Доктор рассказывает о своем опыте участия в исследовании швейцарского дженерика – для чего собиралась группа международных экспертов. «Мне прислали стопку исследовательских документов по нему: были проведены анализы на эффективность по сравнению с оригинальным препаратом. И только когда мы, международные эксперты, дали свое заключение, этот препарат стали применять в общей практике».
А у нас?
«А у нас – никаких исследований, никакой оценки, никакого сравнения не проводилось, и вдруг дженерики заполонили весь рынок! Их можно применять только тогда, когда оценена их сравнительная эффективность.
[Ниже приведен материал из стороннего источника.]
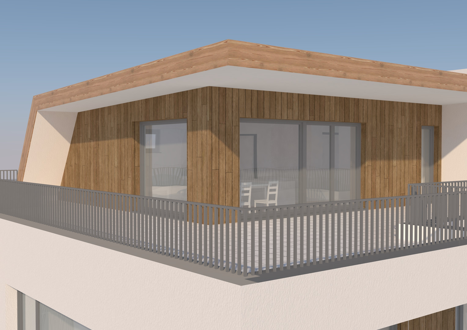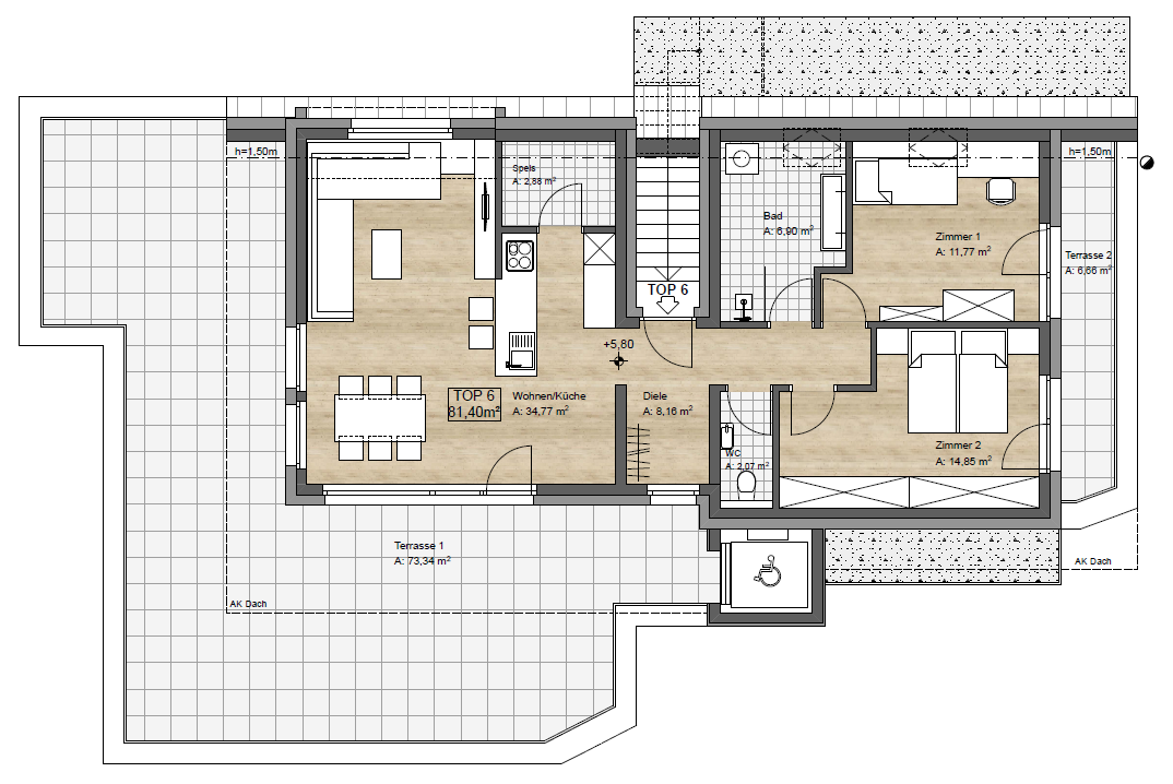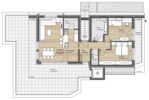 Das Sahnestück der Anlage bildet ein „echtes“ Penthouse im Dach- bzw. 2. Obergeschoss. Die rund 82m2 Wohnfläche erstrecken sich über das komplette oberste Geschoss, ein mittig integrierter Gangbereich verbindet und trennt zugleich die Schlafräume von Wohn- und Essbereich. Abgerundet wird dies Paket durch die großflächig dimensionierte und sonnenverwöhnte Dachterrasse.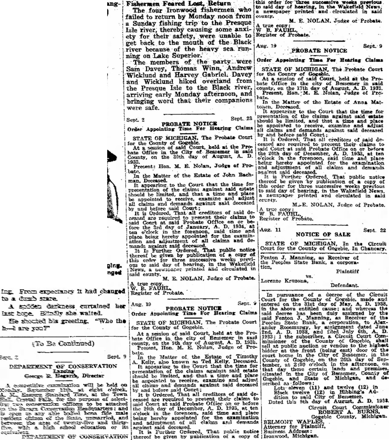 Ang. 19 Sept. PROBATE NOTICE Order Appointing Time For Hearing Claims STATE OF MICHIGAN, The Probate Court for the County of Gogebic. At session of said Court, Bessemer held at the ProOffice the city on the 9th day county, Hon. Nolan, Judge of Pro- the Matter of the Ted Estate Kelly. of Deceased. Timothy Kelly. also known to the Court that the time for the estate should and that time and place appointed to examine adjust claims and demands against said deceased before said Court: Ordered. That all creditors of said derequired their claims are at said Probate Office before the 20th day of December, 1933, ten in the forenoon, said time and place being hereby appointed for the examination and claims and demands said Further Ordered, That public notice thereof be given by publication of copy this order for three successive weeks previous said hearing, in the Wakefield News, newspaper printed and circulated in said county. M. E. NOLAN. Judge of true Register of Probate.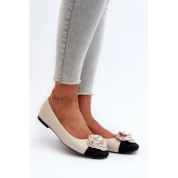 Dámské baleríny z ekologické kůže s ozdobným detailem béžové Divinella

Если их никто не сравнивал, не оценивал – они не должны применяться ни при каком заболевании».
Не менее негативно к идее заменить все дженериками относится Алексей Масчан, онкогематолог, доктор медицинских наук, директор института гематологии, иммунологии и клеточных технологий Центра детской гематологии им.Дмитрия Рогачева. По его словам, случай в Уфе – не единичный: происходит массовая замена оригинальных препаратов на дженерики отечественного производства, а их никто не проверяет на терапевтическую эквивалентность. Ситуацию Масчан называет печальной и опасной:
«Врачебное сообщество, конечно, крайне негативно к этому относится. Если не брать отдельных, так скажем, маргиналов, которые подозревают западные фармкомпании в заговоре против человечества вообще и против России, в частности. В основном, врачебное сообщество боится дженериков. Мы не имеем права назначать и выставлять на торги какие бы то ни было торговые названия – только действующее начало. А по МНН (Международное непатентованное наименование) в закупки может проникнуть все, что угодно».
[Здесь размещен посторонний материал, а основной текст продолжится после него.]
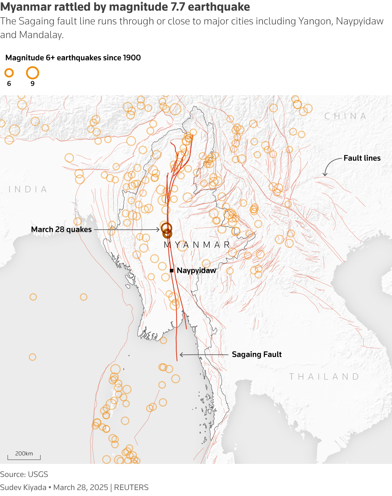 Vào thứ Sáu, trận động đất mạnh 7,7 độ richter – một trong những trận lớn nhất tại Myanmar trong thế kỷ qua – đã làm rung chuyển đất nước Đông Nam Á này, khiến khoảng 1.700 người thiệt mạng, 3.400 người bị thương và hơn 300 người mất tích tính đến Chủ nhật, theo chính quyền quân sự.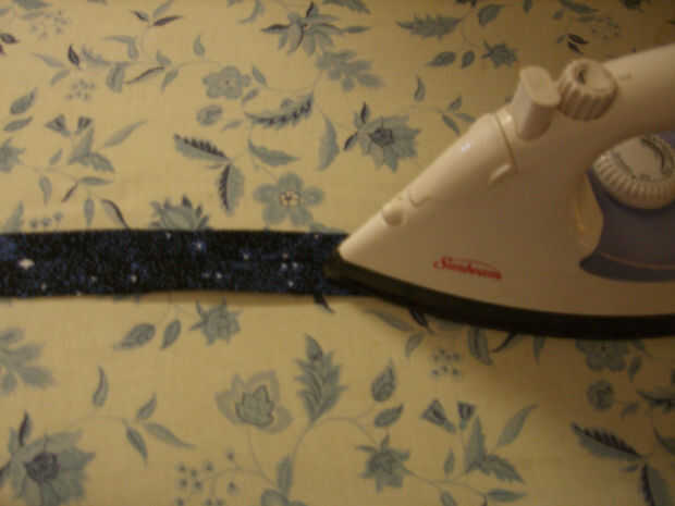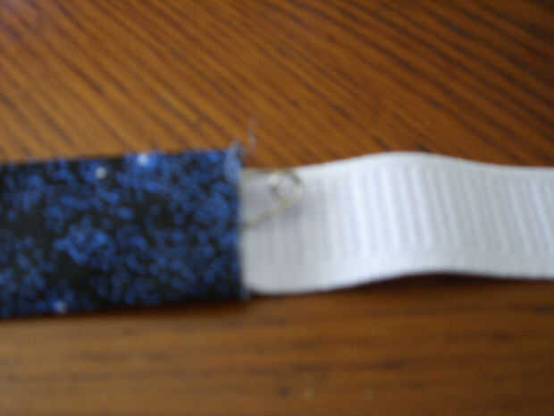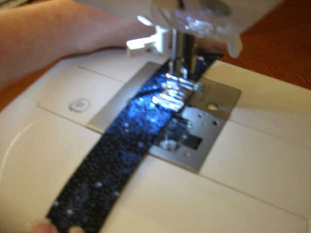 Estirar la correa hacia fuera todo lo que va a ejecutar a1/4 de pulgada de la costura a través de la tela y elástico a ambos lados de la correa. Ponga a un lado.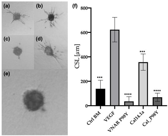 Three-dimensional in vitro angiogenesis assay based on collagen gel-embedded endothelial cell spheroids. Human umbilical vein endothelial cell (HUVEC) spheroids treated with VEGF165, anti-VEGF165 VNAR P98Y, and the chimeric protein cal_P98Y. (a) HUVEC spheroid without treatment (control basal medium (BM), p < 0.01 (***)). (b) Spheroid stimulated with VEGF165 (EC + VEGF165). (c) Positive control, spheroids stimulated with VEGF165 and treated with VNAR P98Y (EC + VEGF165 + VNAR P98Y). (d) Endothelial cell spheroids stimulated with VEGF165 and treated with cal14.1a (EC + VEGF165 + cal14.1a) p < 0.01 (***). (e) Endothelial cell spheroids stimulated with VEGF165 and treated with cal_P98Y (EC + VEGF165 + cal_P98Y). (f) A plot of cumulative sprout lengths (CSL) of capillary-like sprouts measured after 24 h of incubation. Angiogenesis sprouts were significantly (p < 0.001 (****)) inhibited when the spheroids were treated with VNAR P98Y and isolated chimeric protein cal_P98Y.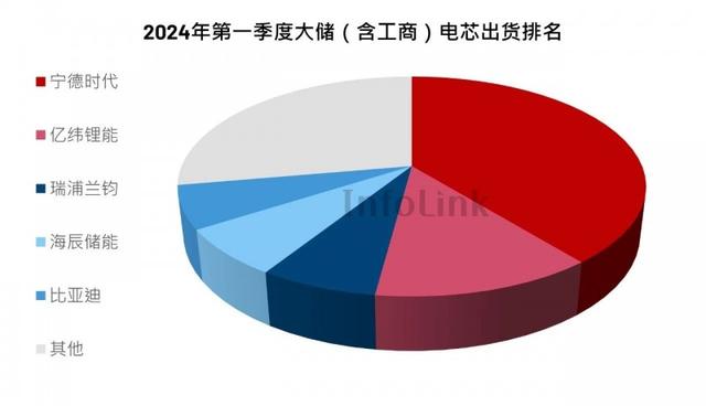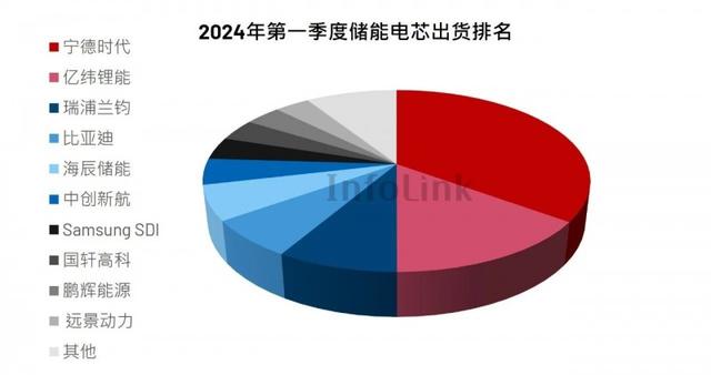 有所不同的是,參照2023年,今年Q1頭部企業(yè)格局發(fā)生改變:除了寧德時代市占率領(lǐng)先穩(wěn)坐龍頭、海辰儲能仍舊第五的位置不變之外,比亞迪從第二退居第四,億緯鋰能憑借大額訂單的儲能電池出貨量同比增長翻倍,升至第二,瑞浦蘭鈞則延續(xù)去年的出貨勢頭上升一個名次,位居第三。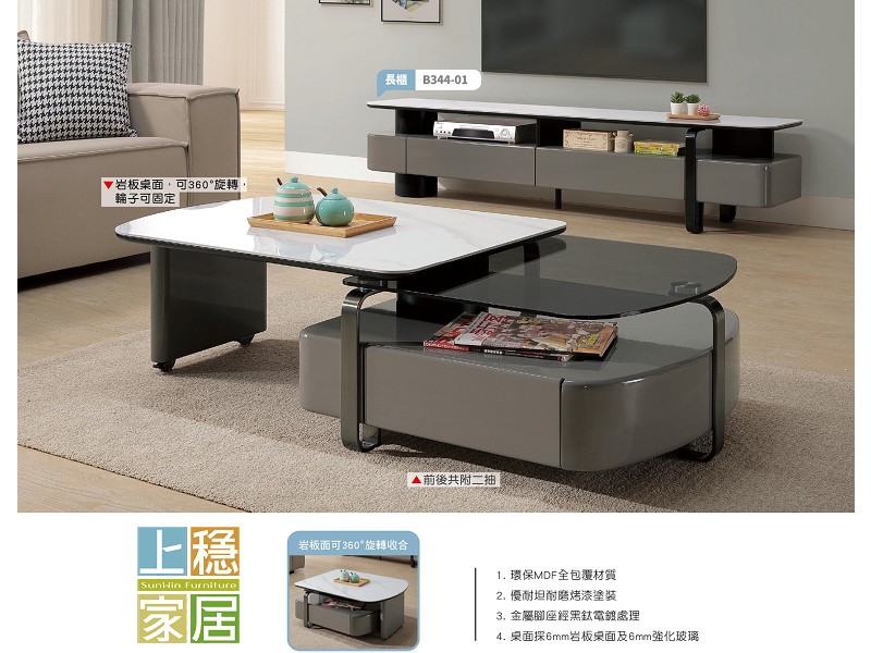 --基特米岩板旋轉延伸茶几

Почему именно онкологи одними из первых забили тревогу?
«Для того, чтобы дженерик был зарегистрирован, производителю нужно показать, что в этом препарате содержится не менее 80 и не более 120 процентов действующего вещества по сравнению с оригинальным препаратом, то есть плюс-минус 20 процентов от содержания действующего начала, — объясняет Алексей Масчан. — И – показать соответствующие требованиям условия производства. Представьте себе препарат для химиотерапии, содержание действующего начала в котором колеблется с амплитудой в 20% — какая может быть уверенность в его эффективности и токсичности?».
Кроме того, препараты, используемые в химиотерапии, очень агрессивны — то есть побочные эффекты от них будут иметь место по определению. Как объяснил Владимир Бабичев, для того, чтобы лекарство было выпущено, должен соблюдаться баланс между полезным и побочным эффектом. Критерии очень строгие. Кто готов рисковать с препаратами, где этот баланс не выверен?..
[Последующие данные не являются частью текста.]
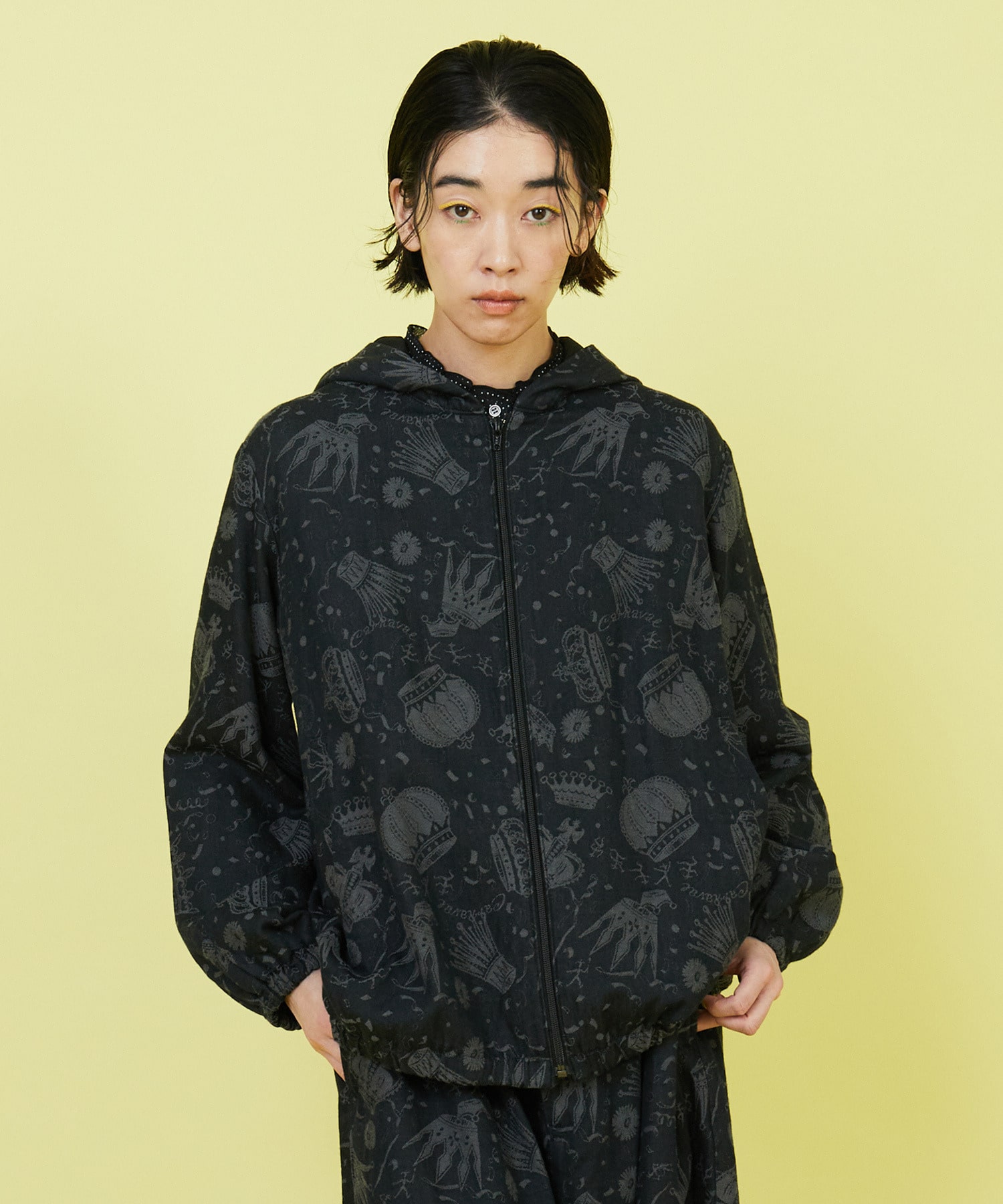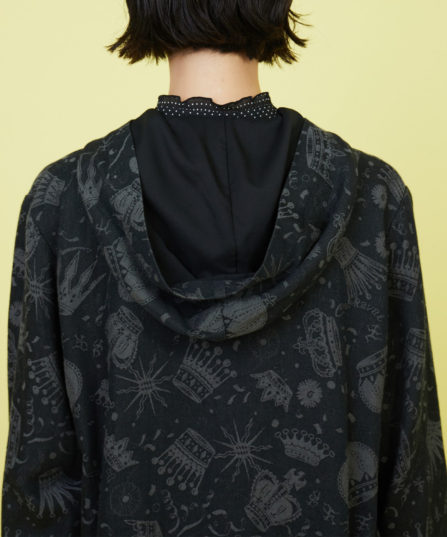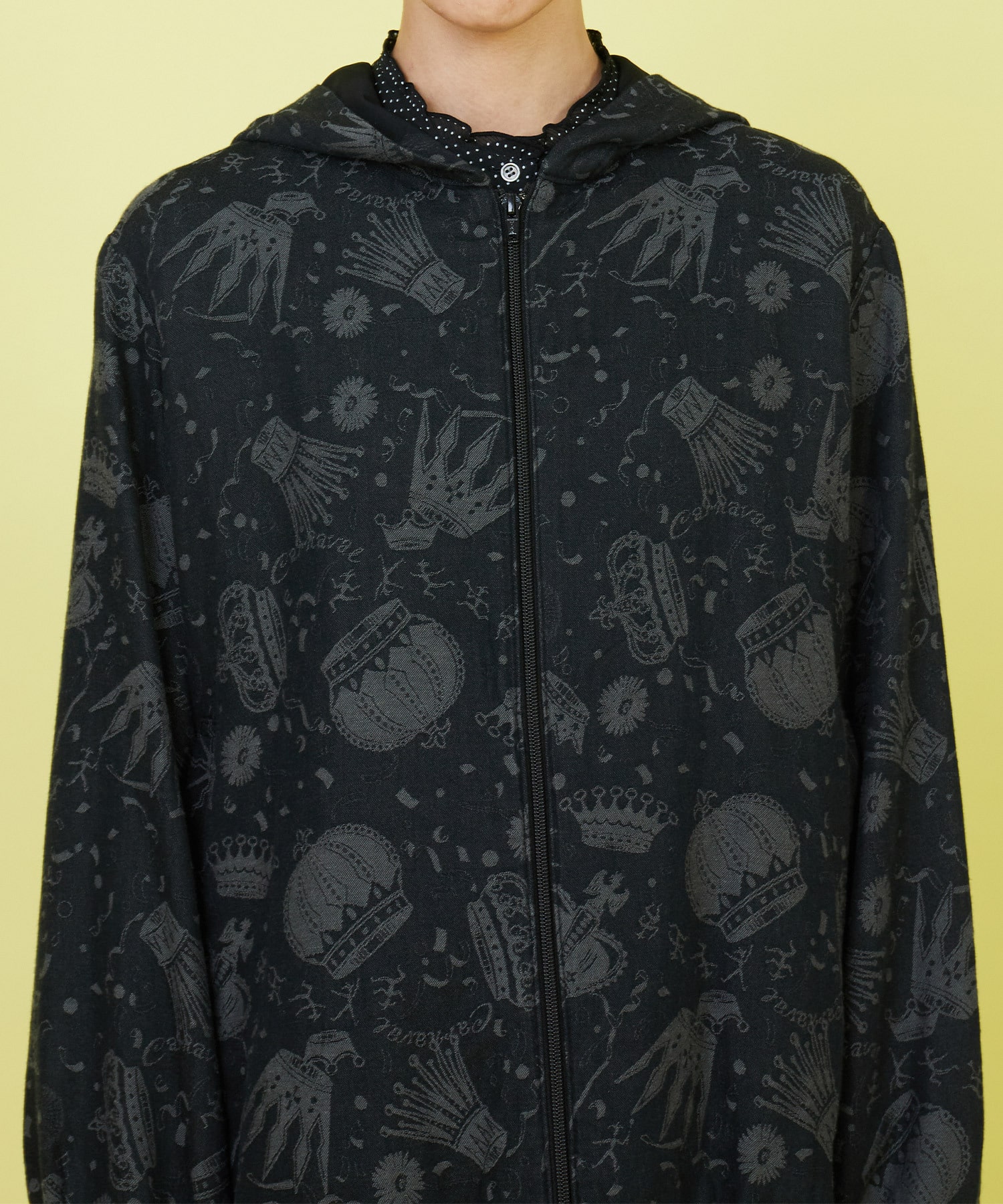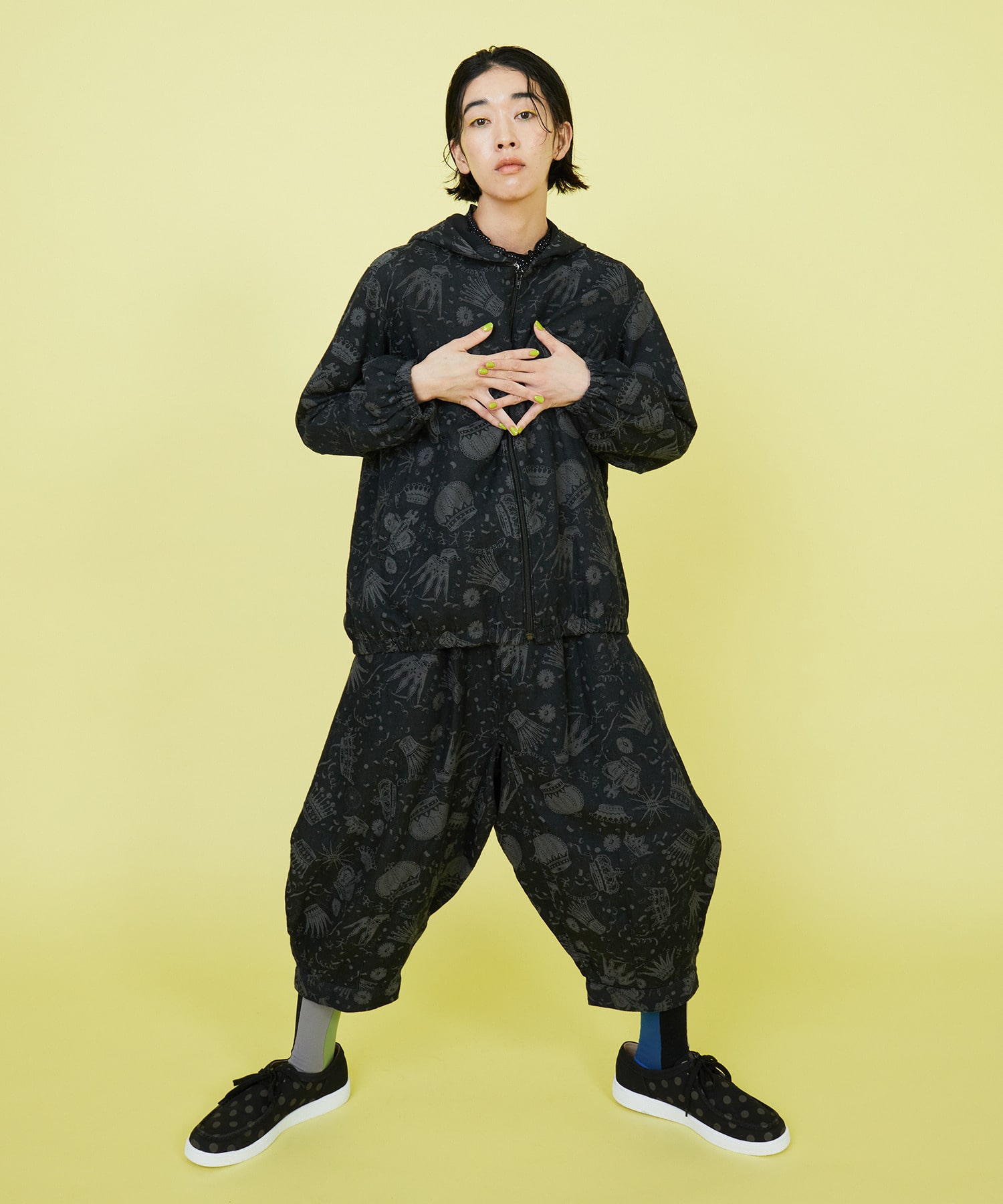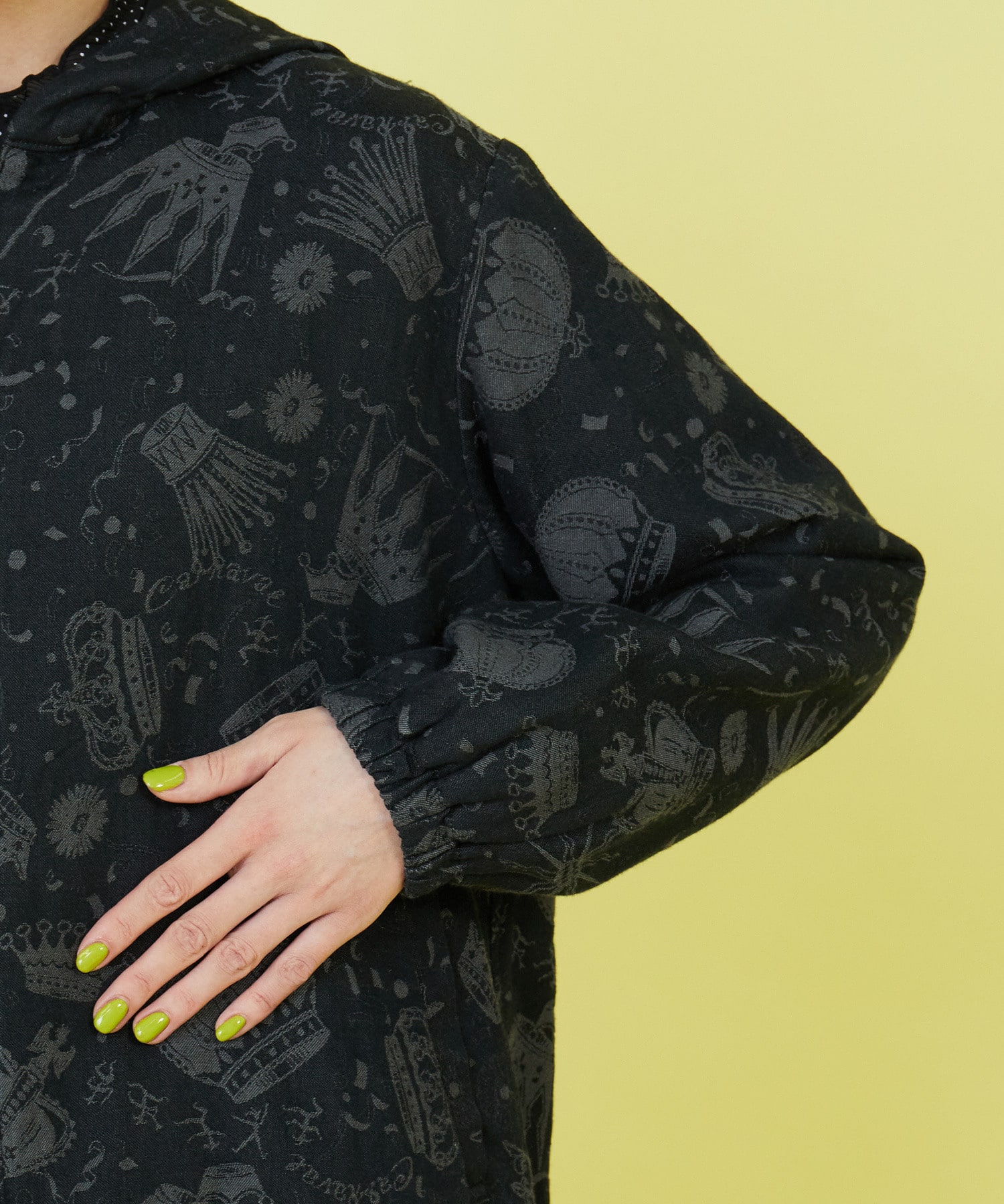 ゆったりとしたリラックスシルエットのフードジャケットはゆとりが有りながらも立体的なパターンで綺麗な丸みをだしています。

Быстрое распространение российских дженериков серьезно беспокоит и пульмонологов. Станислав Красовский – врач-пульмонолог, кандидат медицинских наук, старший научный сотрудник лаборатории муковисцидоза ФГБУ НИИ пульмонологии. Он работает как раз с такими ребятами, как Саша Назарова. По его словам, недостатки дженериков становятся особенно очевидны в тех областях медицины, где качество препарата – это жизнь или смерть пациента.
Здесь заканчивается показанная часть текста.